Not so long ago, it would have been embarrassing for adults to admit that avant-garde painting was too difficult for them to prefer the comfort of story time. What Gadsby did was give permission to the audience— moral It’s about turning our backs on the things that challenge us and allowing comfort and kitsch to be ennobled.

So who will be most excited about this show? It’s not a Picasso that comes out completely unscathed. But the female artists in the museum’s collection have been caught up in this little prank, and so have generations of women and feminist art historians… Rosalind Krause, Ann Wagner, Mary Ann Cowes, and hundreds more have dedicated their careers to thinking seriously about contemporary art and gender. Especially at the Brooklyn Museum, where engagement with feminist art is unique even in New York, I was sad and embarrassed that the exhibition didn’t even try to live up to its promise of putting women artists on an equal footing with big names.
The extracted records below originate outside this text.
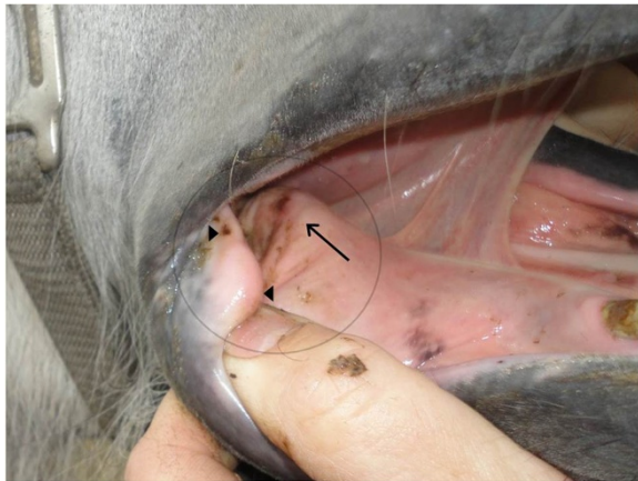
Figure 2 A pressure lesion overlies a prominent thickening of the bar of the mandible, the thickening indicating severe periostitis. Adjacent is a thickening of the buccal mucosa with a pressure lesion in close proximity to the corner of the mouth. Arrow: Prominent thickening of the bar with a pressure lesion. Arrowheads: Thickening of the mucosa with lesions.

two types of curb bits and use of the German noseband was restricted to snaffle bits, therefore, only the type of bit could be assessed as a risk factor.
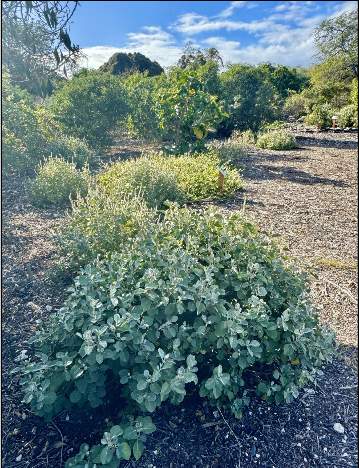
Figure A-4. Round-leaved chaff flower plants that were planted in February 2023 at Kalaeloa Heritage Park. Photograph taken on February 23, 2024.
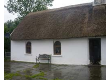
RPS No. 00111 Thatch House
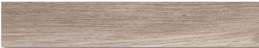
Fika 8" x 48" Fjord (M)
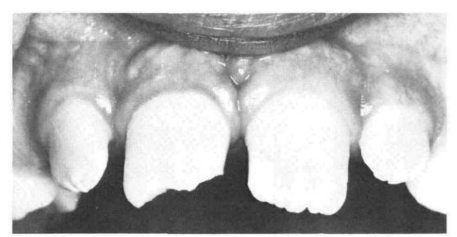
Figure 2. The traumatised incisor showing the missing mesio-incisal fragment.

try to explain the loss of the fragment in the tongue. The parents reported that they had previously noticed that the child's tongue was prominent. On examining his teeth in occlusion it was found that he had a small anterior open bite, with the tongue lying between his upper and lower incisors (Figure 3).
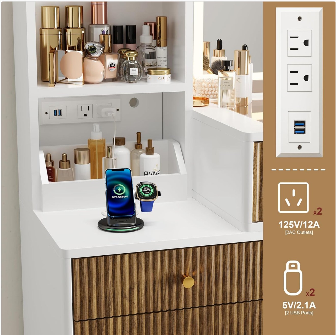
Figure 4: A close-up view of the integrated charging station, highlighting the two 125V/12A AC outlets and two 5V/2.1A USB ports for convenient device charging.
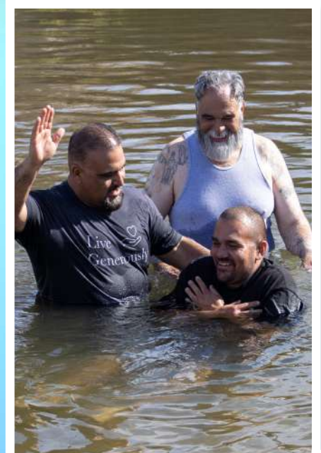
Everyone is excited to be baptized
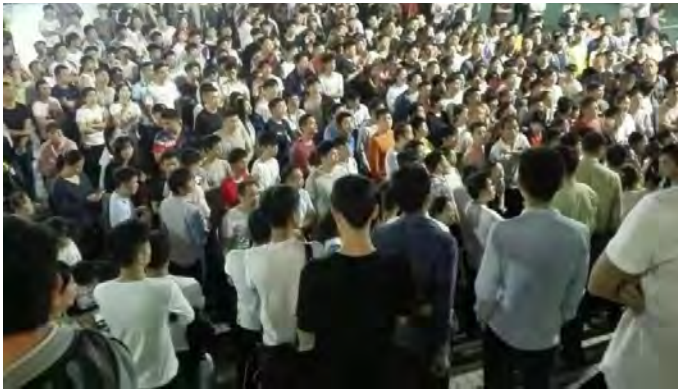
Biel Crystal workers, in Huizhou, gathered in protest for wage delays and layoffs
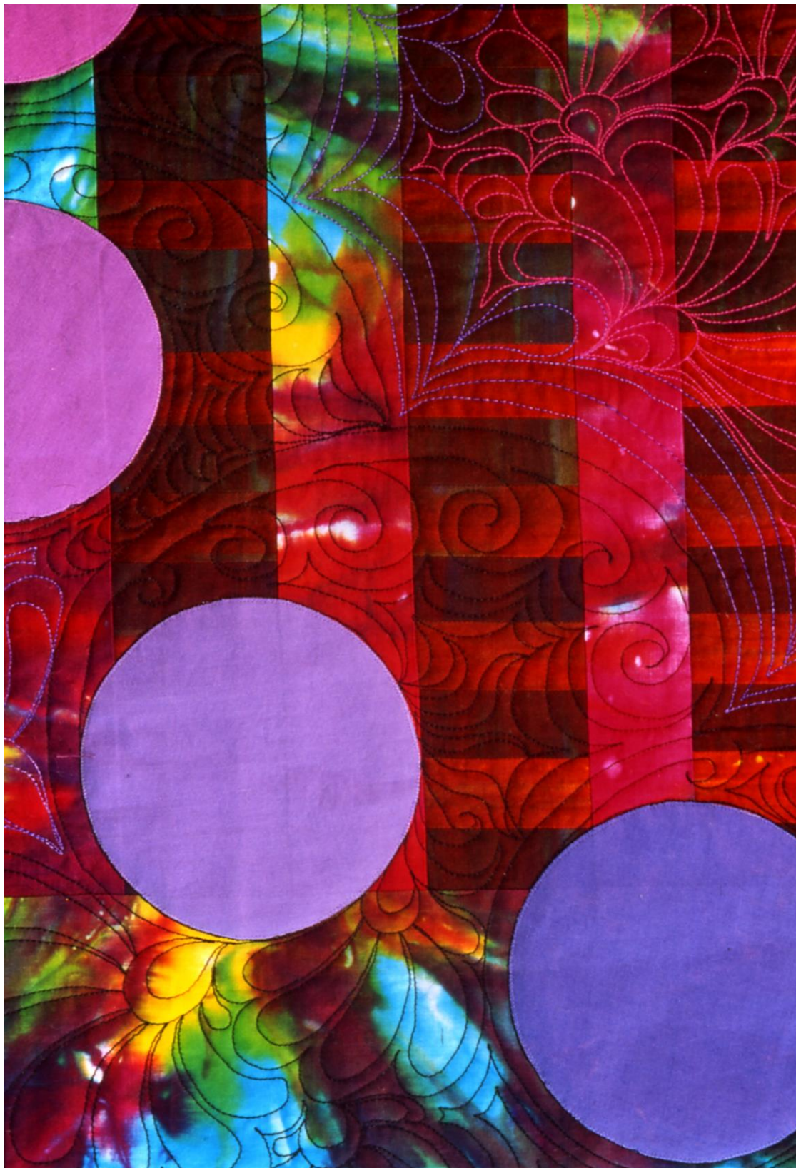
Fibonacci's Garden (detail) • 71" x 54" • Copyright © 1995 Caryl Bryer Fallert • Bryerpatch Studio • www.bryerpatch.com

Bryerpatch Studio • 10 Baycliff Pl. • Port Townsend, WA 98368 • caryl@bryerpatch.com • www.bryerpatch.com
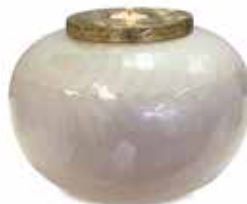
WHITE CANDLE (8-710)
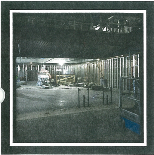
Interior – WW Keeler Complex 2 nd floor

“My story has value,” Gadsby said in “Nanette.” And “I will not allow my story to be destroyed.” And “stories provide our cure.” But the Hawardena Pindel on display here is more than just a storyteller. The Cindy Sherman on display here is more than just a storyteller. They, like Picassos before them, are artists who put ideas and images in productive tension without the reassurance of closure or comfort. The role of public museums (or at least it should be) is to present all of these women’s aesthetic achievements to all of us. There is also space for story time in the children’s wing.